# How long can a processor last without the fan.



## willmon18 (Apr 22, 2006)

I have this computer that has a broken processor fan but the heatsink is still there. I was wondering how long it would last without burning out and the computer no longer working. I remember of this very old computer I had that didn't have a heatsink or a fan on it. Eventually I put a small processor fan on the processor without a heatsink and the computer worked for the longest time it never died on me either except the computer seemed slow at times well what can you expect with a little less than 500MHz. But anyways even though it never died I got a new computer and I trashed that one. But I am wondering how long a computer can work with just the heatsink. It has a BIOS temp thing and it told me that the CPU was getting over 100 degrees farenhiet when I turned off my fan that I put right next to it and I don't mean a processor fan I mean a fan people use to keep cool. But when I had that fan on it stayed below 90 degrees farenheit. How long can it last with the heatsink with the computer closed up and running for a full day.


----------



## ebackhus (Apr 21, 2005)

Without a fan you at LEAST need a heat sink on there. I've seen P3's at 550Mhz with just a sink perform fine over long periods of time.

FYI: Most cooling fans are 60mm if you need a replacement. I think the smaller ones come in at 40mm.


----------



## kev1952 (Dec 2, 2006)

Simple answer - no. The CPU will overheat in minutes (maybe even seconds depending on how good a thermal connection you have with the heatsink). You may get lucky and have the CPU shutdown when overheating but the more likely outcome would be a fried CPU. *NEVER* run a CPU without a proper (and working) heatsink and fan!!


----------



## willmon18 (Apr 22, 2006)

So I can't run a 733MHz processor just with the heatsink. I have had a processor without a heatsink and just a little processor fan hovering over it cooling it off and it ran all day. The computer may of slowed down at times but it worked fine. I tried pulling the processor fan out when I turned of the computer and it was burning hot but still working great. I put that processor fan in the ice box and put it back in the pc in a couple of hours and it still worked great and it never went out on me at all.


----------



## kev1952 (Dec 2, 2006)

This is your first mention of a 733mhz CPU - but I still stand by my original reply here. As it shipped with a CPU fan then it will need one (manufacturers don't do anything for no reason). It will probably run for a while without the fan but will eventually fry.


----------



## willmon18 (Apr 22, 2006)

Well can you suggest somewhere I can get one cheap it is a socket 370 if it will make some difference. And it is for the school.


----------



## 8210GUY (Aug 29, 2006)

I would say if you are prepared to bin it, and maybe more (worst case scenario which could be an electrical fire) then fine, BUT, as mentioned running without is suicide TBH, always assume the worst and you rarely go wrong, and given a fan probably costs a few penny's it seems crazy to not get one IMHO.


----------



## kev1952 (Dec 2, 2006)

willmon18 said:


> Well can you suggest somewhere I can get one cheap it is a socket 370 if it will make some difference. And it is for the school.

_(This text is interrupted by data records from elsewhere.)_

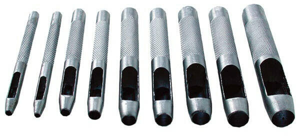 bőrlyukasztó klt. , műanyag tartóban; 9db, 2,5-10mm Bőrlyukasztó sorozat, bőrhöz, kartonhoz, rétegelt lemezhez, alulemezhez. Speciális acélból készült bőrlyukasztó készlet. Méretek: 2-3-4-5-6-7-8-9-10 mm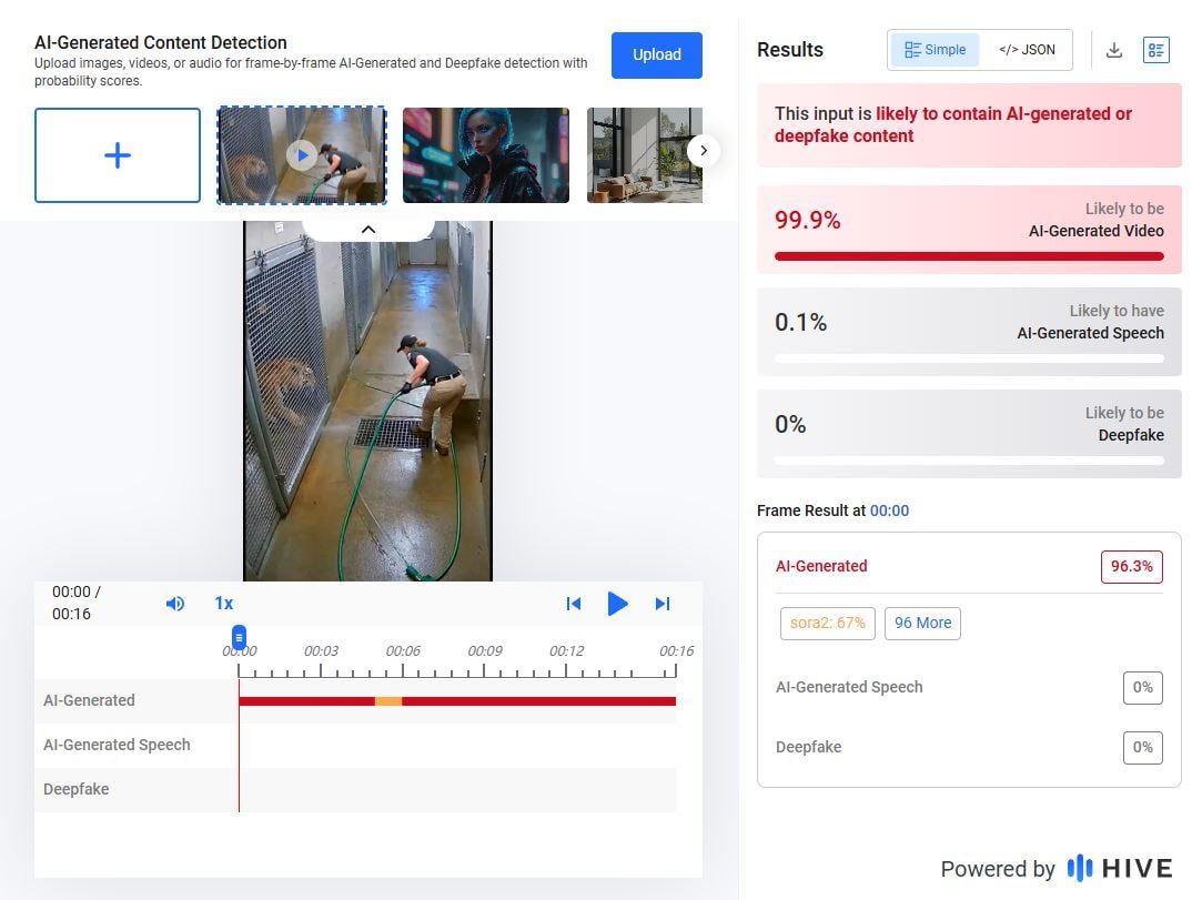 The AI-generated content detection tool at Hive Moderation determined with 99.9 percent confidence that the video was AI-generated. There are also glitches in the video that point to the AI origin, notably the spray nozzle and green hose, which appear to be in pieces yet are still able to spray water.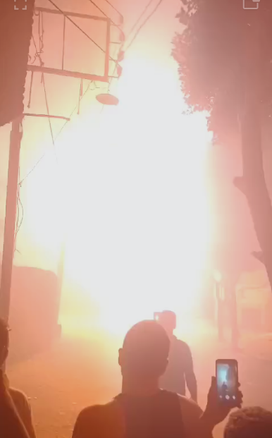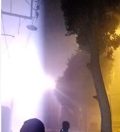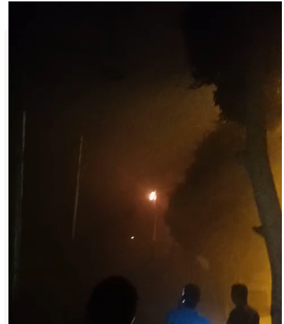 وأظهر مقطع فيديو التقطه أحد شهود العيان اشتعال النيران في العمود، وحدوث شراز كهربي، وتطاير الشرر.

You *should* be able to get a replacement at any good computer shop - just take the dud one with you. If that gives no joy then ask your friendly local computer repairer if he/she has a secondhand one that works.


----------



## willmon18 (Apr 22, 2006)

Well my computer teacher is crazy he is saving all the grant money he can so he can install fiber optics thoughout the whole school which is a small school and has a ag building that already has it but is being shared through out the school. He says that he is going to do this so he can get a 1000 MB connection for each computer. Is this true if you run fiber optics everywhere in the school?


----------



## kev1952 (Dec 2, 2006)

Probably - but where are we going with this thread? Are we fixing your modem problems or is this all about something else?


----------



## willmon18 (Apr 22, 2006)

Just telling you about my greedy computer teacher. He is really stuck up and might be pulling too many strings if you know what I mean.


----------



## BeastlyKings (Nov 13, 2006)

OK, this is completly hypothetical but, how long would a 3ghz CPU that has been overclocked to 3.5 - 4.0Ghz last WITHOUT a heatsink or fan?
EDIT: O, and it is being pushed to the limit with "CPU BURN".


----------



## crazijoe (Oct 19, 2004)

I thought I add this since it is more along this topic.
This is an article that Tom's Hardware did a while back on running different CPUs without the heatsink. There is a nice video at the end that you can download.

http://www.tomshardware.com/2001/09/17/hot_spot/index.html


----------